At any given time there may be 10-12 different projects on the go. Because ressources are scarce a specialist may be called upon to work on several projects simultaneously. In order to keep some control over scheduling and costing, every employee is assigned to a department and reports to only one manager, even when he's working on projects for other departments. Every week every employee must submit a timesheet showing the number of hours spent on each project.

As was the case for the shoemaker's children (they had no shoes because dad was too busy making shoes to sell in order to put bread on the table), this company has no Project Management database,simply because nobody has had the time to set one up. And this is typical in this kind of environment. Do you take an analyst who bills $800/day and put him to work on in-house maintenance? No, you don't. You wait until some bright college student shows up for a co-op work assignment and you give him/her the job. The company hopes that after the basic Project management application is operational other modules such as Employee Skills Management and control of bids and RFP's can be integrated to the database.

Designing the Project Management application

Here is what our first draft of the E-R diagram should look like for the Project Management case:


Fig. 2-1

The diagram contains the information we would have gathered by talking to the client. Notice that the attributes for Employee represent the minimum amount of information we have to keep at this time. We haven't included things like "Home address", "Date of birth" and so on. When we start working with SQL later we will add more information to the table. The same applies for the other entities - we will add attibutes as we develop the model later on.

It is important to make sure at this point that you understand the degrees of the relationships shown.
Department <--> Employee is a one-to-many relationship - a given employee is assigned to one and only one department and a given department contains zero or many employees. This means that every employee in the company will be assigned to a department, even the President who will be in Administration. A department may exist and have no employees assigned to it. For example, we could create a new department in the database and, until it is staffed, it will have zero employees assigned to it.
Employee <--> Project is a many-to-many relationship - a given employee works on one or many projects and a given project may have zero or many employees. In order to keep track of every employee's hours, all the work that is done will be billed to a project. However, projects could be things like "In-house systems development", "Professional development leave" or "Administrative duties". Any project may have no employees working on it.

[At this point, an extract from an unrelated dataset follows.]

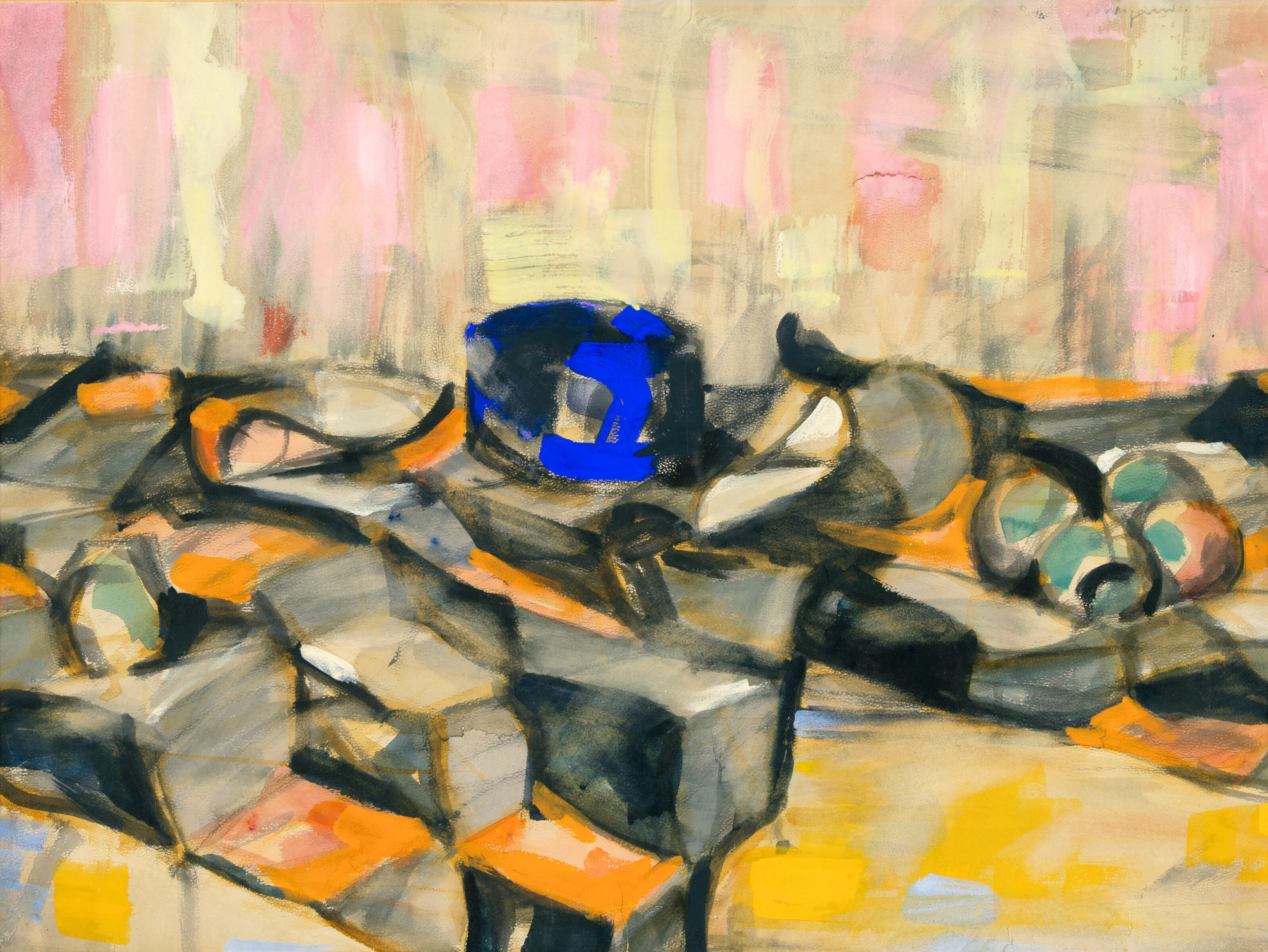 Gewürfelte Decke. Aquarell u. Gouache auf leichtem Karton. 1922. 48 x 64,5 cm, unter Passepartout. Unter Glas gerahmt.

Now, once you have the E-R diagram down, you go over it one more time with the client to make sure that you have the details down correctly and you are almost ready to start creating the actual database. Notice that I said "almost".


It is possible to start creating the database at this point. It's just a question of creating a new table for every entity identified in the diagram. We'll be using MS-Access to do that shortly. But how do you code the relationships?

There is a formal process to do that in database modeling. It's called normalization. It means applying a set of rules to the data so that you group the attributes in such a way that the relationships work. It's not really that complicated but it is a formula approach. If you prefer to use that approach, get any good book on databases, look-up "normalization" and follow the steps.

We'll do normalization using the intuitive approach - work with the data until it "feels" OK. This could also be called prototyping - create a working model of the database that is close to what you want and keep improving it until it works perfectly, then put it into production.

However, whatever the approach taken, there are some basic rules that have to be adhered to. The rules apply to any relational database and cannot be broken. They can't even be stretched. Think of them as the Prime directives. The rules are:
  1. Every table must have a primary key - an attribute or combination of attributes that uniquely identifies every occurence in the table.

  2. The primary key can never contain an empty or Null value. That makes sense - if you had 2 that were empty, they wouldn't be unique anymore.

  3. Every attribute of every occurence in the table can contain only one value. Think of the Employee table as a grid. Every occurence, or line, represents one employee and every column is an attribute. So, every employee can only have one ID and one First-name and one Last-name, and so on.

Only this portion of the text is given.